- Interactive map of Akhnoor Bulge
- Akhnoor Bulge Location in Punjab, Pakistan
- Coordinates: 32°49′N 74°41′E﻿ / ﻿32.81°N 74.68°E
- Country: Pakistan
- Province: Punjab
- District: Sialkot
- Elevation: 301 m (988 ft)
- Time zone: UTC+5:00 (PST)

= Akhnoor Dagger =

Akhnoor Bulge, (named Akhnoor Dagger by Pakistani Military, and as Pakistan's Akhnoor Chicken's neck Corridor by Indian Military) is the name for a narrow strip of Pakistani territory that juts into the Indian-administered Kashmir south of Akhnoor. This sensitive piece of land on Pakistan's border with Indian-administered Kashmir is part of Sialkot District and measures roughly 170 km².

Akhnoor is less than 30 km from Jammu in India and less than 50 km from Sialkot in Pakistan. The Akhnoor Bulge saw a major Pakistani attack during the Indo-Pakistani War of 1965 (Operation Grand Slam) in which Pakistan eventually failed after making some initial gains. During Indo-Pakistani war of 1971 India captured the Bulge and held it before returning it to Pakistan under the Simla Agreement,

Earlier in 1965, when Akhnoor had only one bridge before India embarked on significant infrastructure development, the tip of the Pakistani area was less than 10 km from the only bridge across the Chenab River at Akhnoor in India. In the 1965 war (Operation Grand Slam), Pakistan viewed the capture of the Akhnoor Bridge as a means of cutting Jammu and Kashmir—especially the Poonch and Rajouri districts—from the rest of India, as it was perceived as the sole corridor between mainland India and most of Jammu and Kashmir and Ladakh.

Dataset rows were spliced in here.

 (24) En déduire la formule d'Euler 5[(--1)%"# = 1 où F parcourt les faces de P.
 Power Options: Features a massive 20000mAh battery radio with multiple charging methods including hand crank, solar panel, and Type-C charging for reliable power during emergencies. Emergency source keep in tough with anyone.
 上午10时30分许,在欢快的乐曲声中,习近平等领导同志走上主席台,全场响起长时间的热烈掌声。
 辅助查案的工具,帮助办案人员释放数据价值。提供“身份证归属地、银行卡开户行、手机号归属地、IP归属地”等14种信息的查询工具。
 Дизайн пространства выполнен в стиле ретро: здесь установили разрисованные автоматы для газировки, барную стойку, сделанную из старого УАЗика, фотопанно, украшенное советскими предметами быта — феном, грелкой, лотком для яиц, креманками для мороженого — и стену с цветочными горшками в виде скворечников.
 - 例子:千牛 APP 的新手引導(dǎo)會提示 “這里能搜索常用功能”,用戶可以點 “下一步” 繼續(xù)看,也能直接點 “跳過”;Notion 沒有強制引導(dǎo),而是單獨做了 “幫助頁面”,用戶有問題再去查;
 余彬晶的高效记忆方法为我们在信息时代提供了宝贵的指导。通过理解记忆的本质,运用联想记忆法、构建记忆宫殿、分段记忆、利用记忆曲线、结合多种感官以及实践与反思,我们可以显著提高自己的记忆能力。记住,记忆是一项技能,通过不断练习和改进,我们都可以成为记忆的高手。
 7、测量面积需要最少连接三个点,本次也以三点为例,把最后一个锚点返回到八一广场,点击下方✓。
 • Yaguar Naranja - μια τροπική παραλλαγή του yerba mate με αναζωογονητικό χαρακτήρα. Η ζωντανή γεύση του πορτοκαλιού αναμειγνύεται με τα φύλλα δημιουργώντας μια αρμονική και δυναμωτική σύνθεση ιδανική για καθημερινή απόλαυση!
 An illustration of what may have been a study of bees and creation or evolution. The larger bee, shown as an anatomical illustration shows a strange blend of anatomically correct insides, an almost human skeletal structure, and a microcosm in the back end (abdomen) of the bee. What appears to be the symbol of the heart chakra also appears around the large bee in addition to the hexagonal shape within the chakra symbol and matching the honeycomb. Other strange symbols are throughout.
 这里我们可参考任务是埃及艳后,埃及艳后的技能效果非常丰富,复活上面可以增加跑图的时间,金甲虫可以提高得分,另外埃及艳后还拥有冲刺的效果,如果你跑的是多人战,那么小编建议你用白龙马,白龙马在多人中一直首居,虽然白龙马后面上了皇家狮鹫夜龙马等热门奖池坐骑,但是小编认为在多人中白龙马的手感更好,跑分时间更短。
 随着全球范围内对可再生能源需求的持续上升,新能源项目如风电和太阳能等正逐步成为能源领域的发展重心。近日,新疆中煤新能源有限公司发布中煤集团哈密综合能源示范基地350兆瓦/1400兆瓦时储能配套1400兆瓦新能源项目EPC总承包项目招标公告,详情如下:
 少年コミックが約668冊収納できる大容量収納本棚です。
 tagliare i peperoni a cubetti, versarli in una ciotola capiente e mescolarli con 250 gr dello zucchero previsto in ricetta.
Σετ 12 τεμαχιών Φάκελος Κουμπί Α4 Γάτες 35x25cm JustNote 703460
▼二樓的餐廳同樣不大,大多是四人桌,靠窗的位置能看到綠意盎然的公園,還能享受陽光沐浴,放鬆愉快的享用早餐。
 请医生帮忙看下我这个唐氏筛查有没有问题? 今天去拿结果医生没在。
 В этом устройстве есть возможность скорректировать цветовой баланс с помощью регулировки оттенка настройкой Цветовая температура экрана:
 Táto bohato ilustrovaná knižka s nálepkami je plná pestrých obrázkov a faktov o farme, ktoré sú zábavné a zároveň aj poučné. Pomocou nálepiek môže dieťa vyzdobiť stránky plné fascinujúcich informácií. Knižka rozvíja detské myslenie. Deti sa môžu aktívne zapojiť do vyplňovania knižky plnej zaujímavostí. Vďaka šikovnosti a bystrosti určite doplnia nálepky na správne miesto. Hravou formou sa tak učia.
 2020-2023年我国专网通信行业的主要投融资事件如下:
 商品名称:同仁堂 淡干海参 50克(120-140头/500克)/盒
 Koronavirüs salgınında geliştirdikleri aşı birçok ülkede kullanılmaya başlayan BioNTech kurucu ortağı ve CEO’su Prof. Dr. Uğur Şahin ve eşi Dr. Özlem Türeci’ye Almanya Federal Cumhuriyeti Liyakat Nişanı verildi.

However, this Akhnoor Bulge being a "dagger" or India's "Chicken's Neck" vulnerability, as perceived by Pakistan in 1965, has since been described by some analysts as a strategic myth, "the so-called 'Chicken's Neck' or Akhnoor Dagger area... proved to be a liability for Pakistan rather than an asset in the 1971 war when Indian forces successfully captured the area". This is evidenced by India's swift 1971 capture of the area, which effectively negated the perceived threat to Akhnoor. Any perceived vulnerability of India is further mitigated by improved infrastructure development by India, which now has many more high-capacity bridges and numerous alternate transport links connecting Jammu to Akhnoor and India to wider Jammu and Kashmir region, providing redundancy and resilience to the military supply lines.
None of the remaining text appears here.